Stop after the line holding "The first solo". Repeat exactly every line before it in the records below, that line too, and leave out the pictures.

--*--

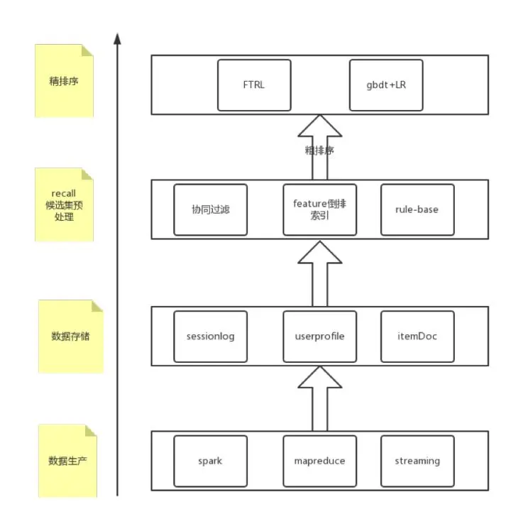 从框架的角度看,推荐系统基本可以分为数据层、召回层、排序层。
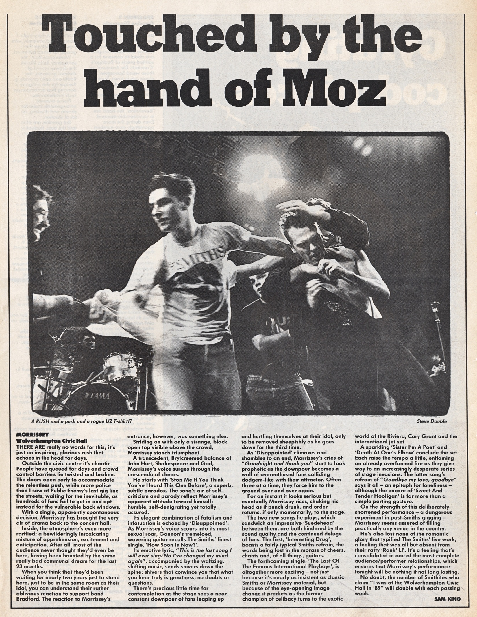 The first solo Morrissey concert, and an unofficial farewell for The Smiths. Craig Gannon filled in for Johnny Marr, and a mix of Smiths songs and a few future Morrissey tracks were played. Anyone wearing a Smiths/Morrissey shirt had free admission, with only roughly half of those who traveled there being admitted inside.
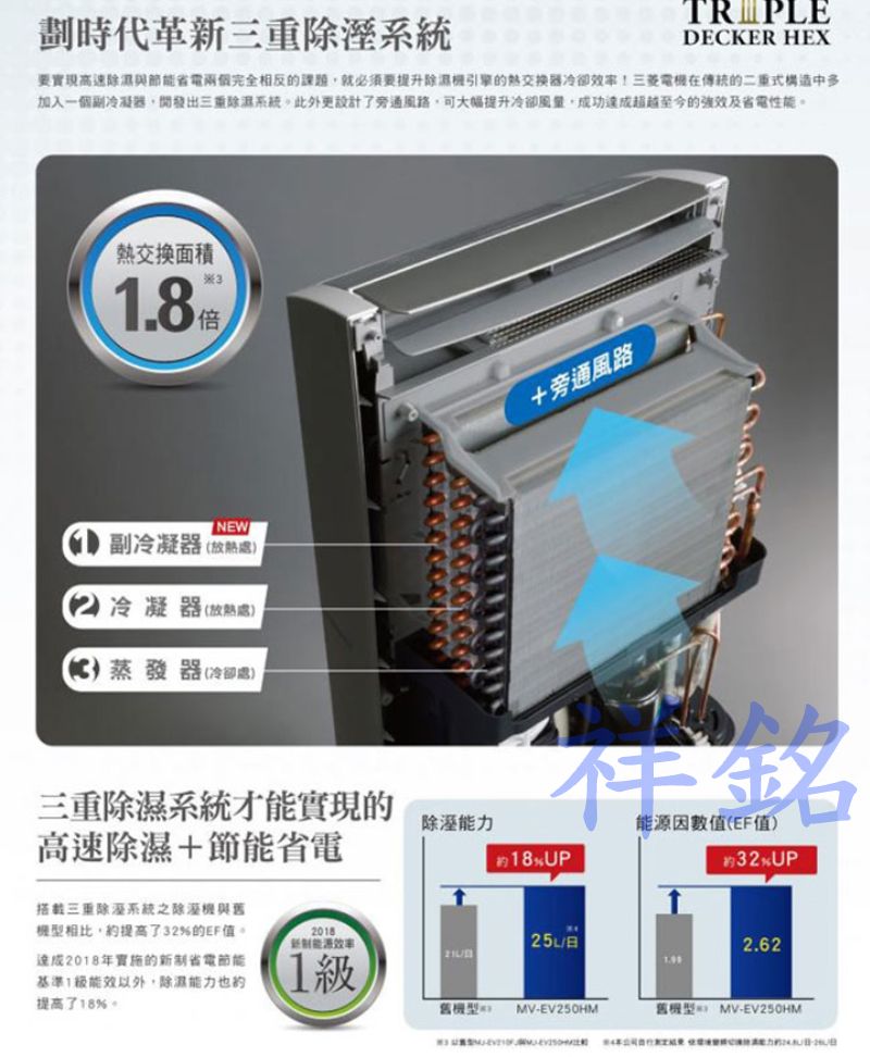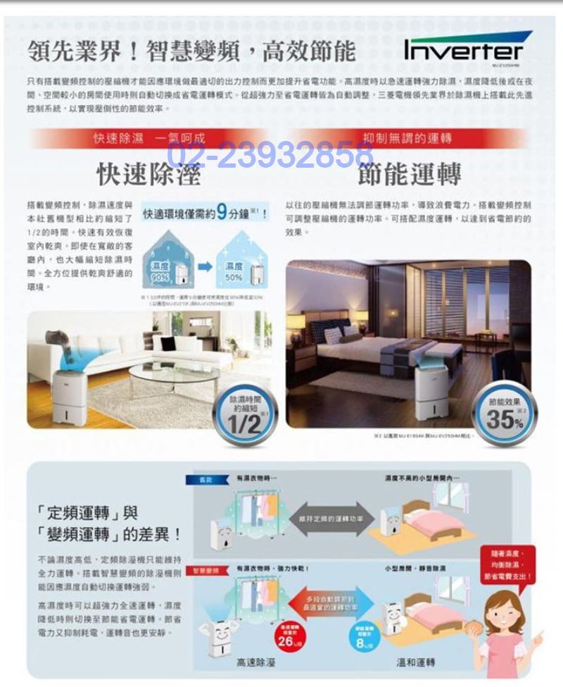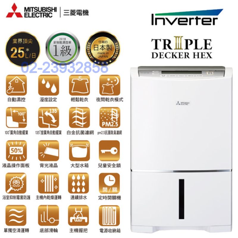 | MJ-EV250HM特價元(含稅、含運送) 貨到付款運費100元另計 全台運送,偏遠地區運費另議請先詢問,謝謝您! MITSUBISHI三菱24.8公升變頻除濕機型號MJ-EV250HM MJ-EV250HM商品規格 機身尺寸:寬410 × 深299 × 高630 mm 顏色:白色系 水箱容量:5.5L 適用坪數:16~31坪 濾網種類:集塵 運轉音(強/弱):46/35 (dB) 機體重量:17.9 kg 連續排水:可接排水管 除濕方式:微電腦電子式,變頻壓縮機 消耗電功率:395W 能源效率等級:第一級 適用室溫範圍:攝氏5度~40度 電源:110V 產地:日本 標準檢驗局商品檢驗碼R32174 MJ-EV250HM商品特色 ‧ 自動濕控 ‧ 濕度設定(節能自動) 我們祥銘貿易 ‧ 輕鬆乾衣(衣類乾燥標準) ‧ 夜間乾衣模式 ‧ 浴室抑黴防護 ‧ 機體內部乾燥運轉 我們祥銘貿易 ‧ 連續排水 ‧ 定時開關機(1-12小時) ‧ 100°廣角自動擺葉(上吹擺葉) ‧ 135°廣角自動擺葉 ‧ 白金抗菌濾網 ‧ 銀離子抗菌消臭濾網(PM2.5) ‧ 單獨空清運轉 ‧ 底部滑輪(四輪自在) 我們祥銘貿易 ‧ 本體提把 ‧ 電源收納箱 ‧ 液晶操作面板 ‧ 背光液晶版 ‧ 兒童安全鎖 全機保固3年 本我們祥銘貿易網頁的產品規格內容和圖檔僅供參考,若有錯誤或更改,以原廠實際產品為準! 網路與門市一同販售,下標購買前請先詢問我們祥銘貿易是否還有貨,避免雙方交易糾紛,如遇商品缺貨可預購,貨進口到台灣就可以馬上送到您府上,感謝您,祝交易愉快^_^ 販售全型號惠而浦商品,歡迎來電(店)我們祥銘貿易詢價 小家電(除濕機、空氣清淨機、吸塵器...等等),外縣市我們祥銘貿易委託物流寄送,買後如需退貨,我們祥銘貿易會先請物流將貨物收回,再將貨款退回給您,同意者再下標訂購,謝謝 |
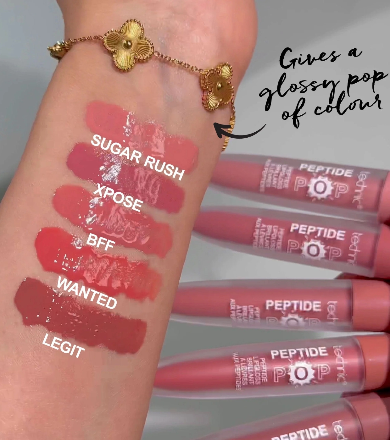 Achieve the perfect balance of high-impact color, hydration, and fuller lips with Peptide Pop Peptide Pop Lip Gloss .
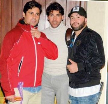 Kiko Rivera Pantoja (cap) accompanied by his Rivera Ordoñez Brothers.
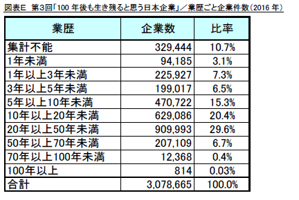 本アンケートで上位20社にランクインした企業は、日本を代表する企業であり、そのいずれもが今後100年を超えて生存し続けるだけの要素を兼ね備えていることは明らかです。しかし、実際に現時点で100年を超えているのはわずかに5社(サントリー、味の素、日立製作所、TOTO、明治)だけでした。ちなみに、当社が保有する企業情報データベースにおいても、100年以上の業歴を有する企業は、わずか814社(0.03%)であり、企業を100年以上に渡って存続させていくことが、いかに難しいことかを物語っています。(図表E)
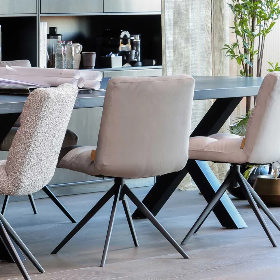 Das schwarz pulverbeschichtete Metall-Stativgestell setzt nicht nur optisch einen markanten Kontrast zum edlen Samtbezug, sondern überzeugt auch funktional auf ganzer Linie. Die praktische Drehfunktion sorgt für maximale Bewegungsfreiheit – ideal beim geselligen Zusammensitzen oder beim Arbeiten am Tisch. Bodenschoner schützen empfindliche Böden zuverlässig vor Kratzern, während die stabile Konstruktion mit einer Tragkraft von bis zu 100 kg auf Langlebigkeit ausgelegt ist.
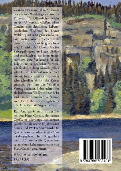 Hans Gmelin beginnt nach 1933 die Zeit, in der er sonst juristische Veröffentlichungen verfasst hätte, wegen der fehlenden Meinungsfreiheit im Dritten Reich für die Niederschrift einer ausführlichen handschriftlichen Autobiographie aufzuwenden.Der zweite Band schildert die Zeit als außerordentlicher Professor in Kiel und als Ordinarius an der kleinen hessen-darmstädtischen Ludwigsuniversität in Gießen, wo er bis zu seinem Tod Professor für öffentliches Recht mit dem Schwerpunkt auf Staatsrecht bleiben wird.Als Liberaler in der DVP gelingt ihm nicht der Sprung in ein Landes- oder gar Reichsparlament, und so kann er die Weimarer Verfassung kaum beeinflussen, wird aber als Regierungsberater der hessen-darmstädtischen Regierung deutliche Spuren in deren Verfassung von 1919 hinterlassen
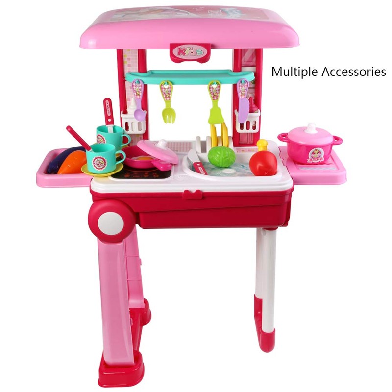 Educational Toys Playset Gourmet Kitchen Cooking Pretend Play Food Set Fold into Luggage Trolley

--*--

:: Problem solution ::
 从框架的角度看,推荐系统基本可以分为数据层、召回层、排序层。
 The first solo Morrissey concert, and an unofficial farewell for The Smiths. Craig Gannon filled in for Johnny Marr, and a mix of Smiths songs and a few future Morrissey tracks were played. Anyone wearing a Smiths/Morrissey shirt had free admission, with only roughly half of those who traveled there being admitted inside.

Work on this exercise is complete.